▸ **Assignment**: Word for word, restate the lines from the top of the records below through the line with "Rotacraft stopkový drátěný", both included, with no pictures in the result.
• • • •
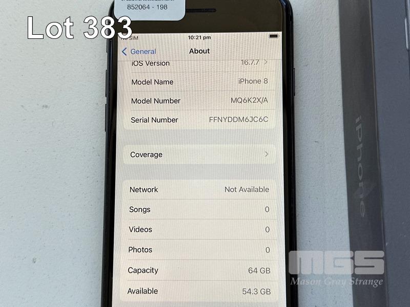 APPLE iPHONE 8, 64GB, SPACE GREY, MODEL MQ6K2X/A, BATTERY HEALTH 98% (NO CABLE, NO CHARGER) (NOTE: MINOR DAMAGE) S/N:FFNYDDM6JC6C
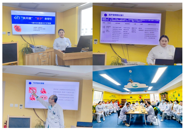 在李婷护士长的组织下,“一例TEER患者医护一体化MDT护理教学查房”拉开序幕,王沙副主任讲解了新技术TEER的相关知识。N2级护师李星、赵蓉以PPT形式汇报患者的基本资料,提出护理问题及相应护理措施。MDT讨论环节,各位专家围绕血压管理、气道管理、体位引流、术中配合、术后转运安全、全程康复等方面进行详细阐述。张艳总护士长充分肯定了本次查房的形式及内容,指出在循证护理的基础上能够发挥具有专科特色的创新点,值得学习。
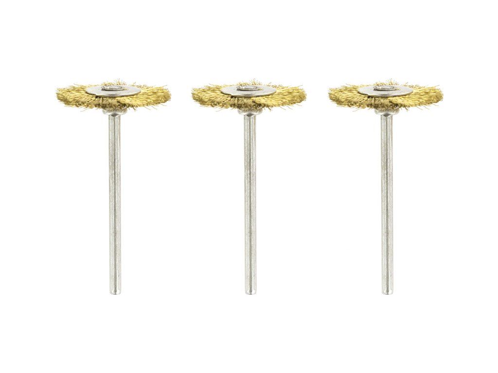 Rotacraft stopkový drátěný kotouč mosazný (3ks v balení) je určen pro šetrné čištění kovu, plastu, skla, keramiky, kamene, opravy apod. Stopka do kleštiny 2,35mm, průměr kotouče cca 20mm.
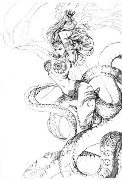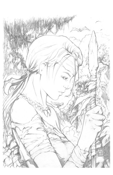 Hey Cross, I agree with your comments....I was gonna critique you on the boards (along with the others). Personnally, her face came out a little manly for me, the hands look....o k. Love the detail though, always can distinguish your art, which is a good thing.
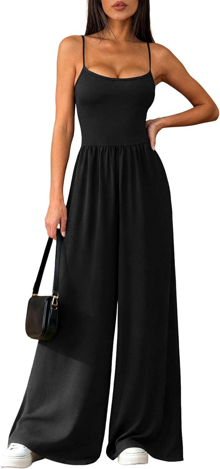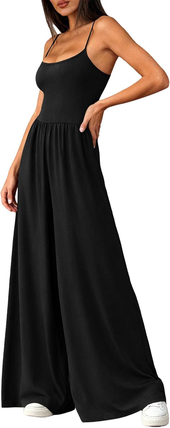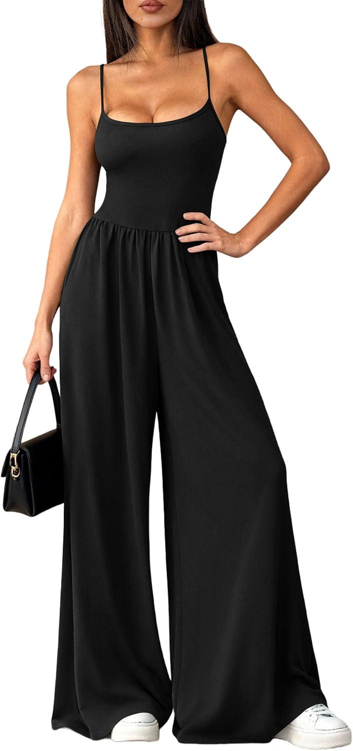 PRETTYGARDEN Summer Jumpsuits for Women Casual 2026 Wide Leg Date Night Rompers Sleeveless Beach Vacation One Piece Outfits(Black)
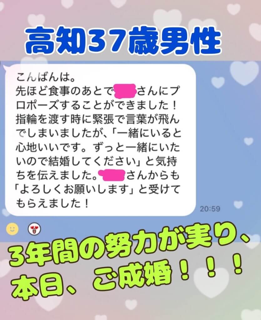 高知37歳男性。3年間の努力が実り、本日ご成婚!!!
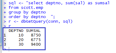 r <- dbGetQuery(conn, "SELECT * FROM scott.emp")
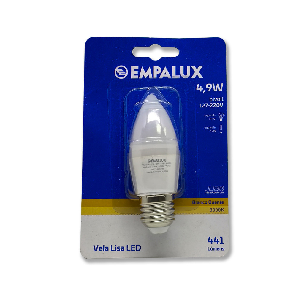Lâmpada Vela LED Leitosa 4.9W Bivolt 3000K – VL30523 A lâmpada vela LED leitosa é a escolha ideal para quem busca iluminação decorativa com eficiência energética. Com seu formato elegante e acabamento fosco, ela combina perfeitamente com lustres, pendentes e luminárias decorativas, criando um ambiente acolhedor com sua luz quente de 3000K. Características Técnicas: Código: VL30523 Tensão: Bivolt (110V/220V) Potência: 4.9W Fluxo Luminoso: 441 lúmens Temperatura de Cor: 3000K (luz amarela quente) IRC (Índice de Reprodução de Cor): >80 Base: E27 Selo Inmetro: Sim Vida útil estimada: 15.000 horas Garantia: 1 ano Dimensões: Comprimento: 105 mm Diâmetro: 37 mm
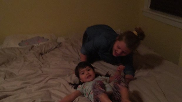 Maria and I got into a routine every morning. We would hear Elena wake up, usually at 7 am, and ask Sarah “where is Aunt Mary? Where is Meemaw?” She would open the door to the guest room and climb into bed with us. No snuggling time though; instead, it was straight to jumping. Ri and I pulled ourselves up out of the covers and watched her jump and land on her butt. She’d yell “I landed on my butt!”
• • • •
▸ **Your response**:
 APPLE iPHONE 8, 64GB, SPACE GREY, MODEL MQ6K2X/A, BATTERY HEALTH 98% (NO CABLE, NO CHARGER) (NOTE: MINOR DAMAGE) S/N:FFNYDDM6JC6C
 在李婷护士长的组织下,“一例TEER患者医护一体化MDT护理教学查房”拉开序幕,王沙副主任讲解了新技术TEER的相关知识。N2级护师李星、赵蓉以PPT形式汇报患者的基本资料,提出护理问题及相应护理措施。MDT讨论环节,各位专家围绕血压管理、气道管理、体位引流、术中配合、术后转运安全、全程康复等方面进行详细阐述。张艳总护士长充分肯定了本次查房的形式及内容,指出在循证护理的基础上能够发挥具有专科特色的创新点,值得学习。
 Rotacraft stopkový drátěný kotouč mosazný (3ks v balení) je určen pro šetrné čištění kovu, plastu, skla, keramiky, kamene, opravy apod. Stopka do kleštiny 2,35mm, průměr kotouče cca 20mm.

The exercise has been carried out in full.